➋ Brands can sell their products online:
In a physical store, shelf space is limited and often earmarked for the most established, fastest-moving brands with the deepest pockets to entice the retailer to stock their product. In an e-commerce setting, shelf space is unlimited, democratizing the opportunities for smaller and upstart companies.
➌ Brands can listen online:
Digitally enabled innovation is a new concept driving R&D efforts at companies. Increasingly, brand owners can listen to the consumer rhetoric online—see reviews, spot unmet needs and unearth new trends, and then funnel these findings into new ideas.
Outsiders Are In
The rise of nontraditional disruptor brands can be explained in part by the demographic shift underway as the U.S. becomes increasingly multicultural, and millennials, who currently represent approximately 25% of the population, become a dominant force.
Today’s consumers appear more adventurous and willing to try non-mainstream products if they are perceived to offer different, better or more “genuine” results. They are seeking attributes (for example, natural, organic and non-genetically modified) that are harder to find in large packaged goods companies. Many large companies that have built rich margin profiles offering scaled uniform products, meanwhile, are hesitant to change with the consumer. This has opened up traditional products and categories to attack and, to some extent, has promoted an innate distrust of “big companies” who strike the consumer as less genuine than the so-called disruptors.
We have seen this phenomenon in the pet food category.

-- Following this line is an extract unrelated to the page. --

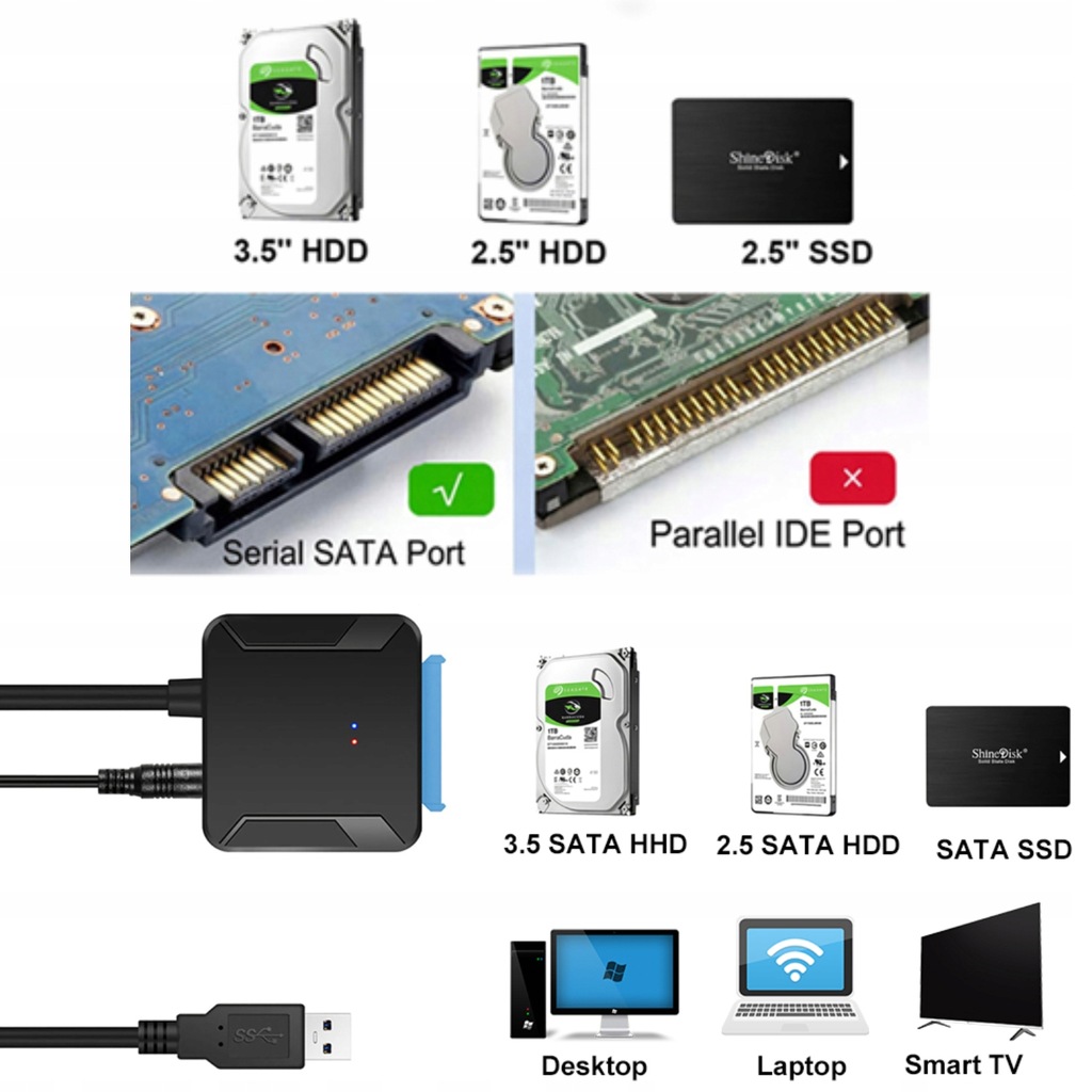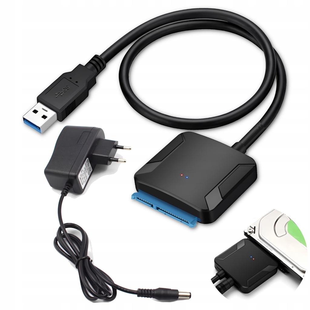 КАБЕЛЬ-ПЕРЕХОДНИК КАБЕЛЬ USB 3.0 - SATA HDD SSD 2.5'' 3.5'' + БЛОК ЖИВЛЕННЯ

More than 60% of households in the United States have a pet and, increasingly, that pet is viewed as a member of the family. As consumers are seeking higher-quality ingredients in their own food, they are increasingly interested in finding those characteristics in their pet food. Seizing on these trends, several “outsider” companies focused exclusively on targeting these families have drawn comparisons between their “wholesome” ingredients and those of the traditional competition and, ultimately, captured a large portion of the category growth over the last several years. Larger competitors that had long dominated the pet food category, meanwhile, have struggled to reform their image to compete effectively, even resorting to buying small, more “authentic” brands to gain exposure to these changing consumer trends.
Nutritional Needs Increasingly Top of Mind for “Pet Parents”

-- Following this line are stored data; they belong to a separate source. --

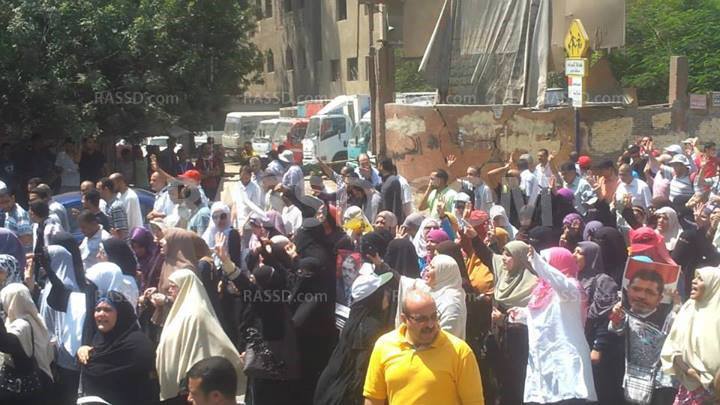 ويردد المتظاهرون هتافات مثل" بتغيظك كلمة رابعة .. طب رابعة رابعة رابعة"،" يسقط حكم العسكر ..عفتاح هوا السفاح"، "ضحكوا علينا وقالوا ارهاب و احنا جران الباب فى الباب"،" السيسي طلع شارون نفس الشكل ونفس اللون"، " يا إعلام يا كذاب السيسي قتل الشباب".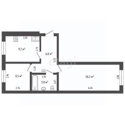 Двухкомнатная квартира площадью 45.7 м² расположена на первом этаже двухэтажного кирпичного дома 2013 года постройки. Объект предлагается в свободной продаже с возможностью приобретения по семейной ипотеке.
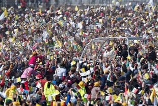 Durante la visita di papa Francesco a Ecatepec, città-satellite della capitale messicana, "circa 300 mila erano le persone che hanno assistito alla messa nell'area del Centro Studi, mentre altre centinaia di migliaia di persone lo hanno salutato al suo passaggio in 'papamobile' lungo la strada, per un totale di quasi un milione di persone". Lo ha affermato il direttore della sala stampa vaticana, padre Federico Lombardi, in un briefing con la stampa. Nel dirigersi in elicottero a Ecatepec, ha riferito Lombardi, il Papa ha anche sorvolato la piramide precolombiana di Teotihuacan, uno dei siti archeologici più importanti del Messico e di tutto il Centro-America. Il portavoce vaticano ha anche spiegato che, nella conversazione in serata in Nunziatura con un gruppo di gesuiti, è stato chiesto al Papa quale sia il principale sentimento che prova in questa sua visita in Messico. "Tutta questa gente, questa moltitudine nelle strade, con questa speranza di vedermi, di salutarmi con tanto amore - ha risposto Francesco - mi dà il senso della gratuità: viene per un amore gratuito, per un sentimento di vicinanza e amore per il Papa, totalmente gratuito".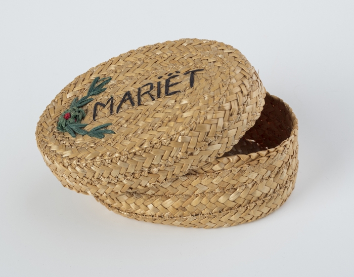Ovaal doosje van naturel bandstro, met op de deksel ...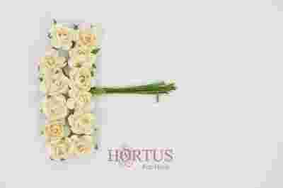 Opakowanie zawiera 144 różyczek (12 pęczków po 12 różyczek) - z kwiatem o średnicy około 1,5 cm. Starannie wykonane z papieru. Nóżka różyczki o długości około 6 cm wykonana jest z zielonego papieru u druciku.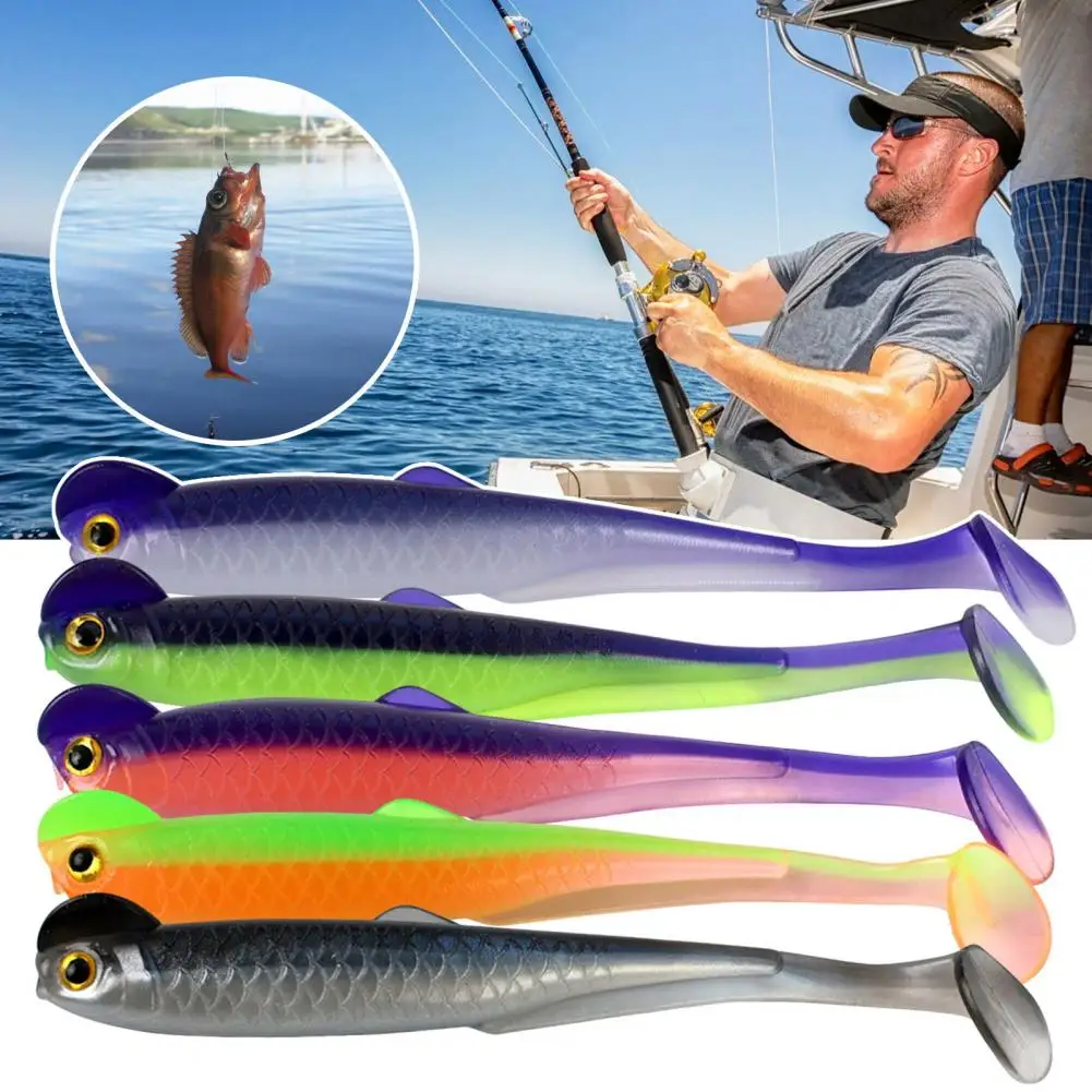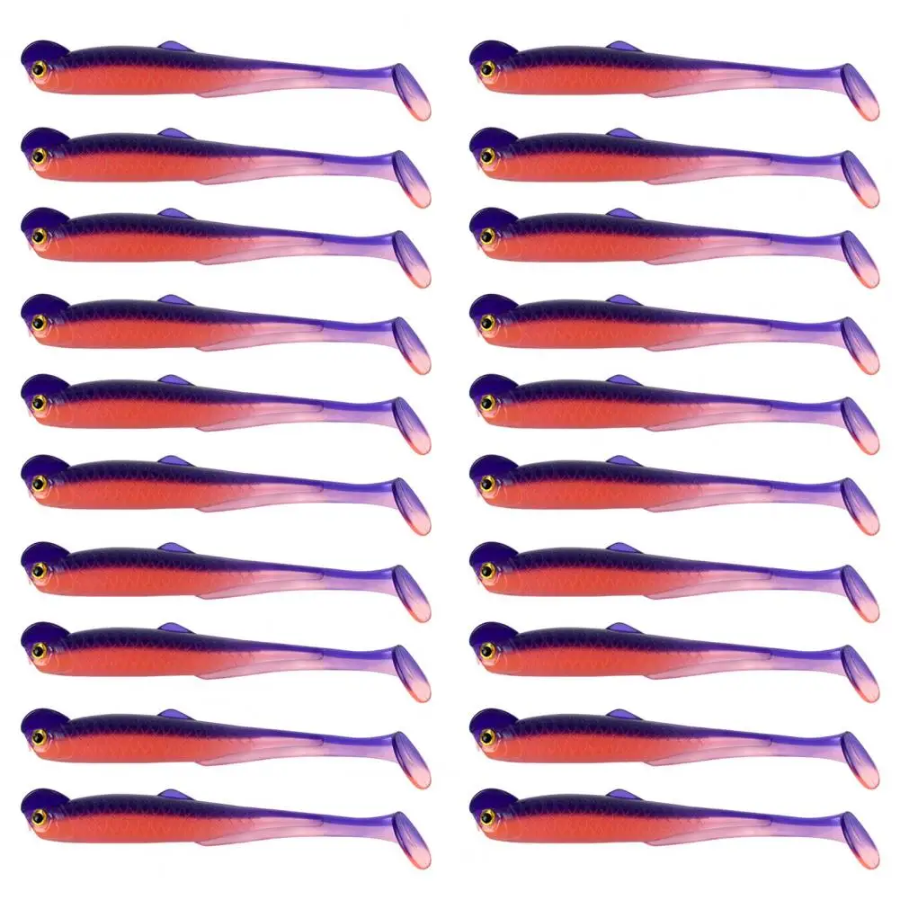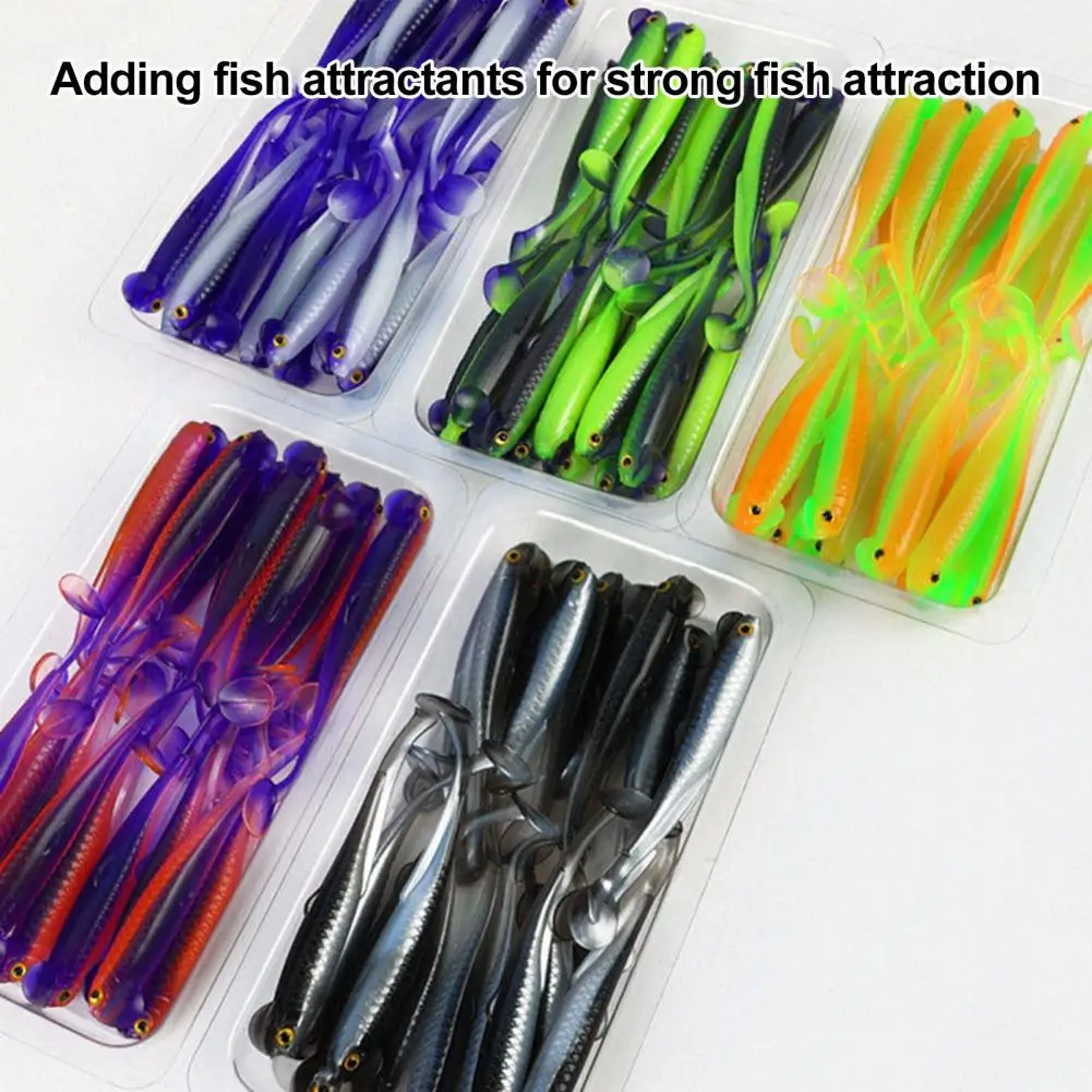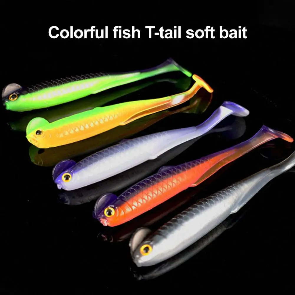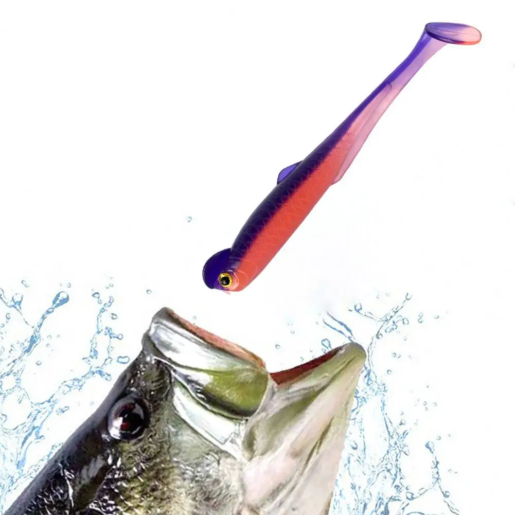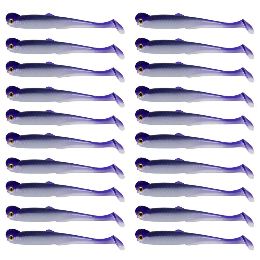 Señuelo de pesca 3D, 20 Uds., pez Artificial con cola en T, cebo Flexible para peces para Texas Jigs, anzuelos Wacky, pesca al aire libre

Disruptor brands have capitalized on consumers’ desire for more “wholesome” choices for pets.
Pet Food Retail Sales by Market Segment, United States, Tracked Channels
Source: SEC filings.
Shopping the Digital Aisles
Back in 2006, only 3% of U.S. retail sales were transacted online. In 2015, that number has more than doubled and manufacturers and retailers alike have become vocal on the importance of social media and having a comprehensive e-commerce strategy. Consumers now regularly interact with and make up their minds about brands first and foremost in the digital world. This easier access to consumers can provide an advantage to smaller brands, and is breaking down the traditional barriers to entry on which many large, consumer-oriented companies relied in previous decades.
Even long-established companies have had to adjust their thinking in this brave new world. There used to be a reference to the all-important “first moment of truth” as the manner in which the consumer first experiences a brand on a store shelf and the importance of getting that moment “right.” Now there is a reference to the “the zero moment of truth,” which describes the interaction between the consumer and the brand on computers, smartphones and tablets—long before he or she enters the store.
Consumers and the mediums through which brands reach them have evolved to such an extent that the traditional go-to-market models have lost some traction. Sourcing attractive investment opportunities requires us to sift through significant noise as we seek to understand which established companies are or are not adapting to the rapidly changing consumer landscape and which emerging brands are tapping into an evident consumer need not being met by the established players.